### TASK STATEMENT:
What is needed is an exact copy of the lines in the listing below, from the one with "Tailorbyrd Mens Button" up to and including the one with "Beżowe lakierowane mokasyny Scranton są damskimi, nowoczesnymi", with no other lines.
#### INPUT DATA ####
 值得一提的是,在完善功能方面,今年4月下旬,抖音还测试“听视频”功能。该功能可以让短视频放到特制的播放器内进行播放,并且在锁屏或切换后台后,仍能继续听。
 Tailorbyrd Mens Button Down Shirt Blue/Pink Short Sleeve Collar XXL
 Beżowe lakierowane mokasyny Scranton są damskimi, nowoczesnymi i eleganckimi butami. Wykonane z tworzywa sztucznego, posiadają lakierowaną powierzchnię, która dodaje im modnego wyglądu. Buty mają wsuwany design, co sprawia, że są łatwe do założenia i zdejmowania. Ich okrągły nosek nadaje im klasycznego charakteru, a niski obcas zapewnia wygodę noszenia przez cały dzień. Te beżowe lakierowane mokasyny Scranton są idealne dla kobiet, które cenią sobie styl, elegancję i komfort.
####
#### INPUT DATA ####
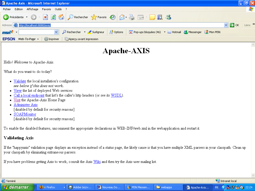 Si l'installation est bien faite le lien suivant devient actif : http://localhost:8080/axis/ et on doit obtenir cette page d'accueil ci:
####
#### INPUT DATA ####
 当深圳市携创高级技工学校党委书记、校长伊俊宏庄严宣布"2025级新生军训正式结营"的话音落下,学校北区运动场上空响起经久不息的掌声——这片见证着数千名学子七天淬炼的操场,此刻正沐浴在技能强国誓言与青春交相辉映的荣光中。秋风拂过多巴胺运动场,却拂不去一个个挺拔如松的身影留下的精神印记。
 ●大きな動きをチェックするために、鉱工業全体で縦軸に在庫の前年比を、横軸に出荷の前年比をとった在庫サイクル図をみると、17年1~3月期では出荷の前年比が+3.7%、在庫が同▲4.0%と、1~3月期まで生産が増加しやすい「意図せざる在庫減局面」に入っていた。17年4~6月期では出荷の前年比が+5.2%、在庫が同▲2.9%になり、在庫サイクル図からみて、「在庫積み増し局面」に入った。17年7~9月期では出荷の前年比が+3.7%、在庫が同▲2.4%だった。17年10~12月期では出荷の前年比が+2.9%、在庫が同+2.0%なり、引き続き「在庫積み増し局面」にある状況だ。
####
### SOLUTION TO THE PROBLEM:
 Tailorbyrd Mens Button Down Shirt Blue/Pink Short Sleeve Collar XXL
 Beżowe lakierowane mokasyny Scranton są damskimi, nowoczesnymi i eleganckimi butami. Wykonane z tworzywa sztucznego, posiadają lakierowaną powierzchnię, która dodaje im modnego wyglądu. Buty mają wsuwany design, co sprawia, że są łatwe do założenia i zdejmowania. Ich okrągły nosek nadaje im klasycznego charakteru, a niski obcas zapewnia wygodę noszenia przez cały dzień. Te beżowe lakierowane mokasyny Scranton są idealne dla kobiet, które cenią sobie styl, elegancję i komfort.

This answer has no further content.